On average, each Californian throws nearly five pounds of stuff into landfills daily.

All of which makes California’s latest waste and recycling report, issued yearly by state Department of Resources Recycling and Recovery (CalRecycle), so bewildering. It reveals that landfill waste in the state jumped to 33.2 million tons in 2015, a one-year increase of 2 million tons, contributing to last year’s release of 200,000 extra metric tons of CO2 into the atmosphere. Per capita, each Californian now tosses 4.7 pounds of stuff into the landfill every day.

The state’s rate of recycling also dropped to 47 percent in 2015. That’s the lowest rate since 2010, and the first time since the state began measuring that the number has gone below 50 percent—not the greatest news, given California’s 2020 goal of recycling 75 percent of all consumer waste.

CalRecycle spokesman Mark Oldfield points to a recovering economy as a primary contributor to the setback. Economic growth boosts consumption and construction, which necessarily results in more waste, he says: “All of a sudden people are buying new stuff and getting rid of the old.”

There are other elements at work, too. The low price of oil, combined with other plummeting commodity prices, has largely eliminated financial incentives for companies to use recycled materials. Thanks to cheap crude, points out Californians Against Waste, a Sacramento-based advocacy group, producers are using more petroleum-based plastics than before, and less (easily recycled) aluminum.

A four-year decline in the prices manufacturers are willing to pay for recycled materials has proved deadly for many for-profit recycling centers. In part, that’s because it’s a subsidized business. CalRecycle pays up to half of the centers’ operating expenses, depending on the amount of materials they collect, to encourage recycling centers to accept plastic containers alongside the more lucrative aluminum cans. The deposits consumers pay on beverage containers provide an incentive for individuals and companies that do curbside pickup to bring cans and bottles to the centers (and pocket the deposits). But CalRecycle’s payments to the centers are based on scrap prices over the previous 12 months, with a three-month time lag. Which means, when prices are in decline, the payments come up short, and the centers struggle to stay profitable. Statewide, the bulk recyclers have faced a cumulative shortfall of more than $50 million.

San Francisco now has just six active recycling centers (down from 35) for 900,000 people.

Susan Collins, president of the Container Recycling Institute (CRI), says this has led to a rash of closures. Per her group’s estimates, more than 800 recycling centers have shut down in the past 16 months, unable to compete thanks to the low prices and insufficient subsidies. All told, nearly one-third of California’s recycling centers have gone out of business.

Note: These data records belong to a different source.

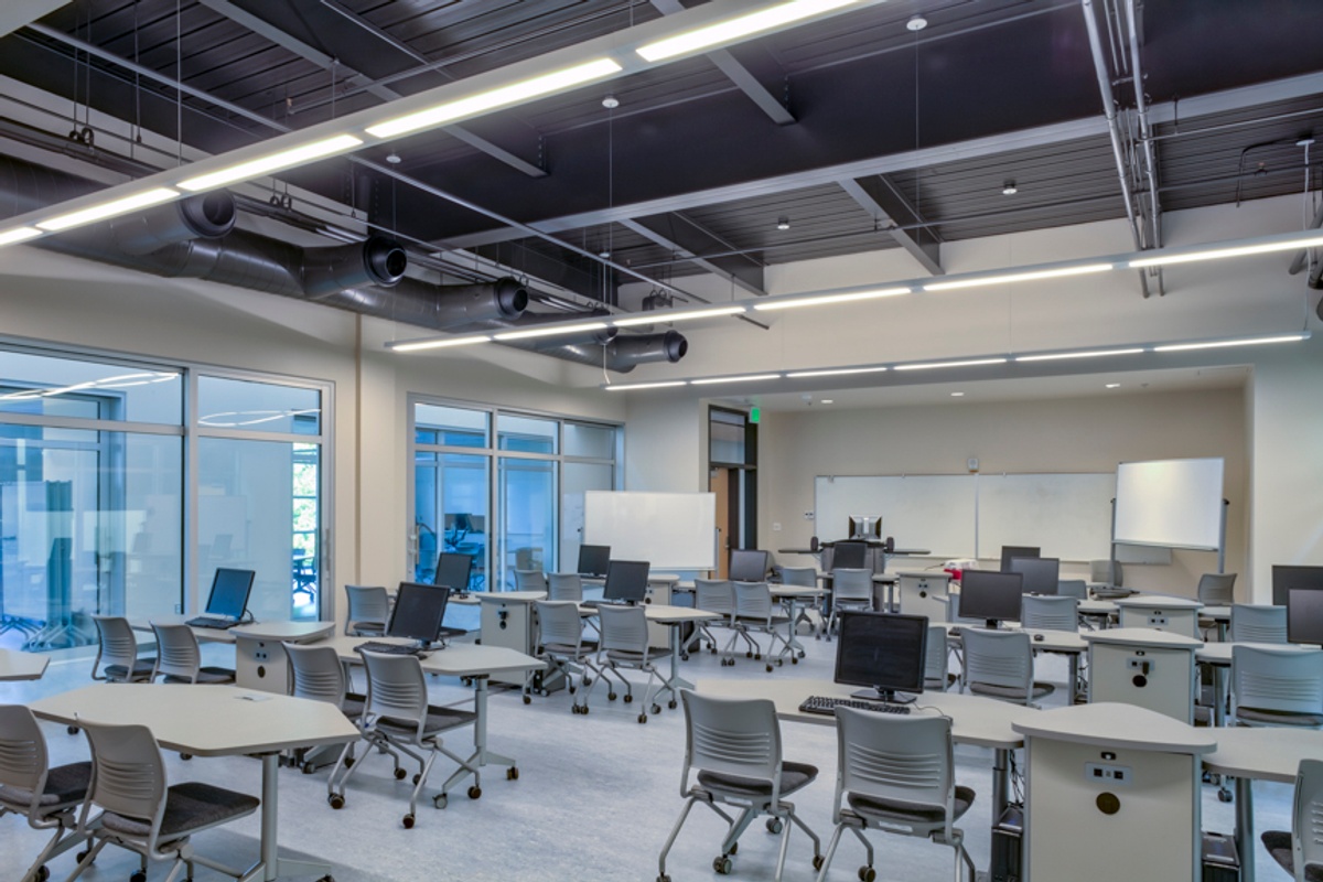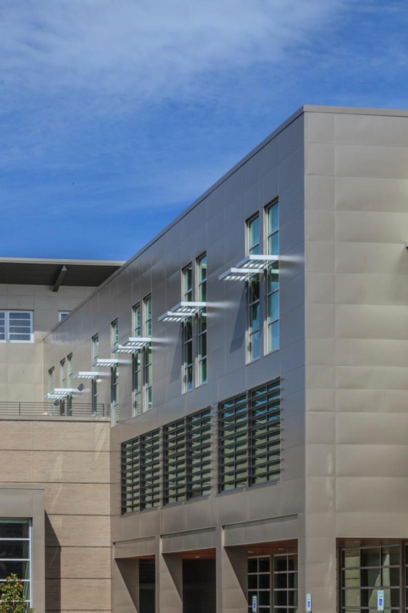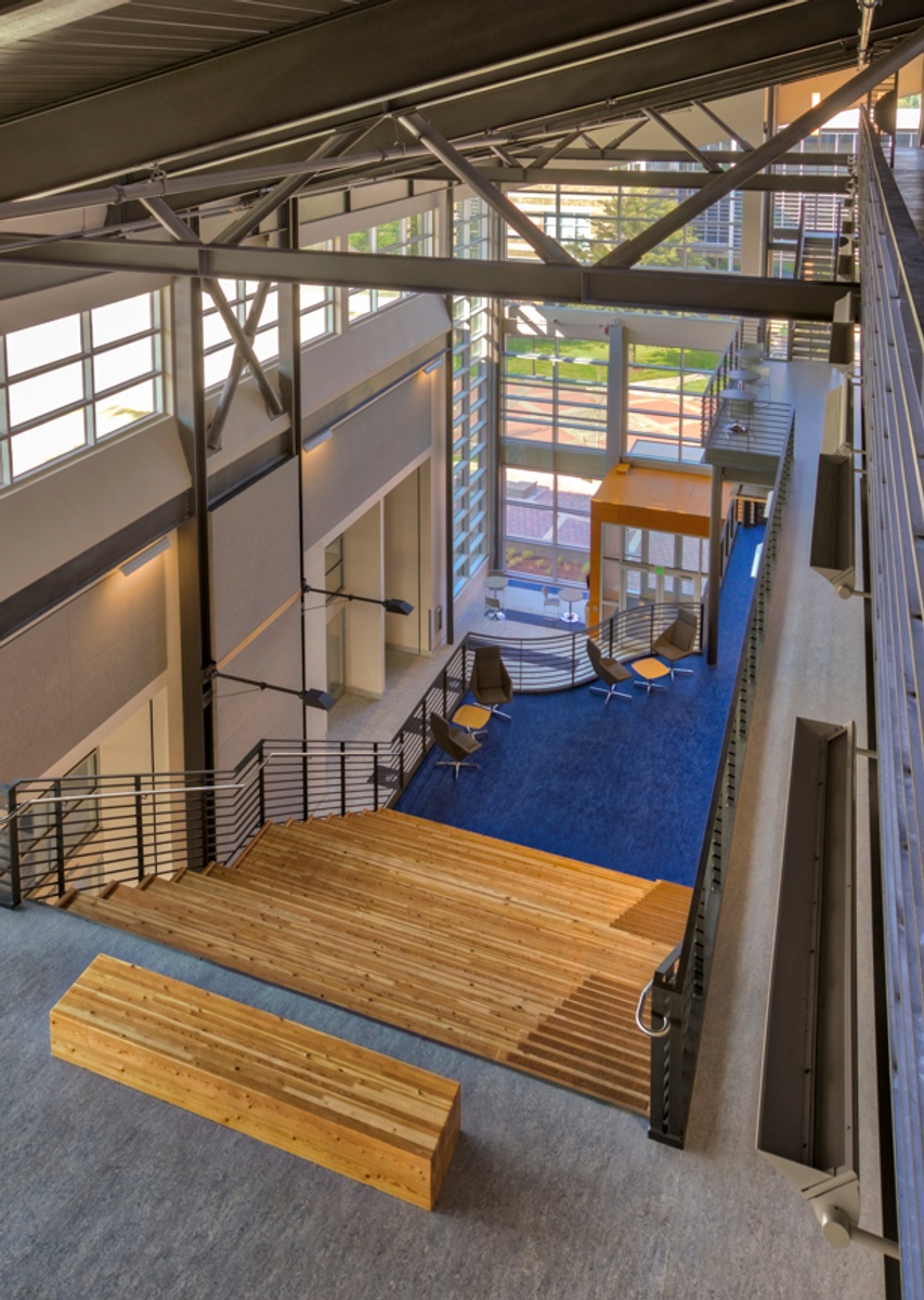 A significant aspect of the building is the attention paid to keeping levels of CO2 within a healthy range. High levels of CO2 can easily occur during high-traffic periods, and can contribute to feelings of sleepiness which is not conducive to a good learning environment. The CO2 levels are managed through a clever passive system. The north end of the building features large vertical-lift doors which open automatically when CO2 levels get too high. Simultaneously, east-facing louver windows at the top of the atrium open. Because hot air will rise from the heated floors, a passive flow of clean air is brought into the building. This fresh air intake system also functions to regulate temperature and works along with the previously mentioned systems through a direct digital control system.
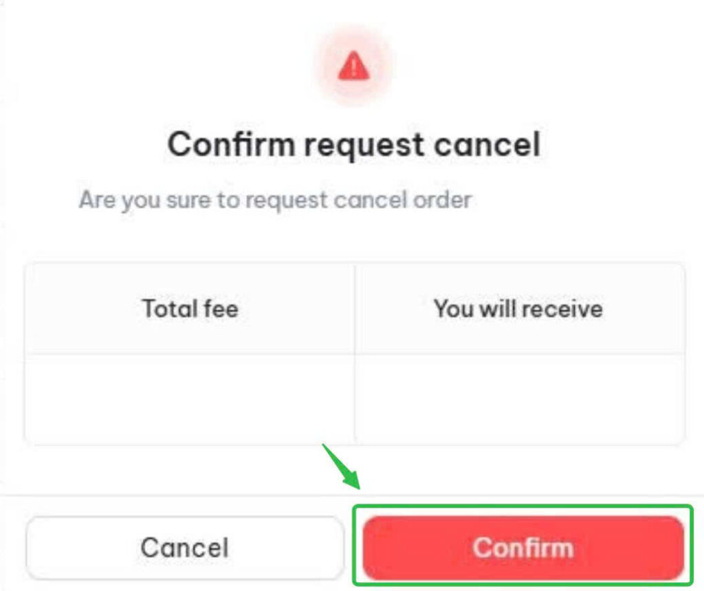 Step 2: Click ‘Confirm’ to confirm the order cancellation.
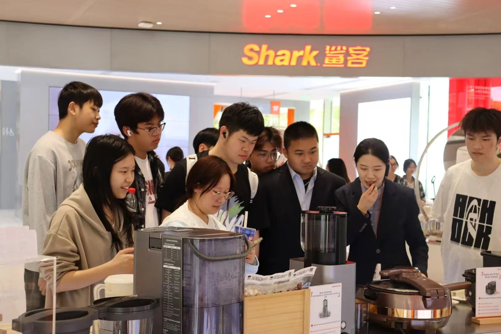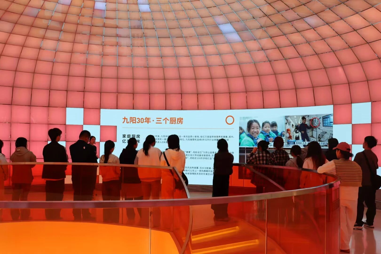 在九阳品牌体验馆,大家依次参观了“时代明星产品”展区和“三个厨房”主题空间。从第一台全自动豆浆机到最新款的智能破壁机,一件件“明星产品”串联起九阳从创立至今的创新足迹。“家庭厨房”“公益厨房”与“太空厨房”三大场景,让同学们直观感受到科技如何融入日常,甚至助力中国空间站航天员的饮食保障。

The setbacks are costing the state in additional ways: Recycling typically generates $8 million to $9 million in tax revenues annually and results in at least 3,000 full-time jobs. And income from collecting and redeeming recycled materials helps keep scores of desperate people off public assistance. Cities such as San Francisco have been hit particularly hard by the recycling-center closures; the city now has just six active recycling centers, down from 35, for 900,000 people. The vast majority of the city is now an “unserved zone.”

CalRecycle’s Oldfield preaches patience. “I don’t think we thought it was going to be easy to begin with,” he says of the 2020 goal to recycle 75 percent of all consumer waste. “I don’t think we mind running the risk of criticism if we fall short of a number on a time scale.” He points to AB 939, California’s Integrated Waste Management Act. The 1989 legislation mandated that 50 percent of solid waste be diverted from landfills via recycling, composting, and incineration by 2000. That goal wasn’t achieved until 2006, but it now stands at 63 percent.

As for the 75 percent number, which is not a mandate, CalRecycle is looking at new technologies it hopes will increase recycling rates for construction materials and organic matter, although there is no deadline for these developments.

“We know exactly what needs to happen, it just isn’t happening.”

Mark Murray, executive director at Californians Against Waste, bristles at the notion that the goal needn’t be met on time. Murray was disturbed by the startling dip in the recycling rate, and that the state remains so far from 75 percent: “I don’t want to make excuses in 2016 when there’s still four years to go.”

If the state is serious about reaching its goal, there is plenty of precedent. “We know exactly what needs to happen, it just isn’t happening,” Murray says. In the past, the state has set minimum standards for the amount of recycled content certain goods must contain. Newsprint must be 50 percent post-consumer materials; for glass containers, it’s 35 percent. Such standards also exist in California for electronics and paint.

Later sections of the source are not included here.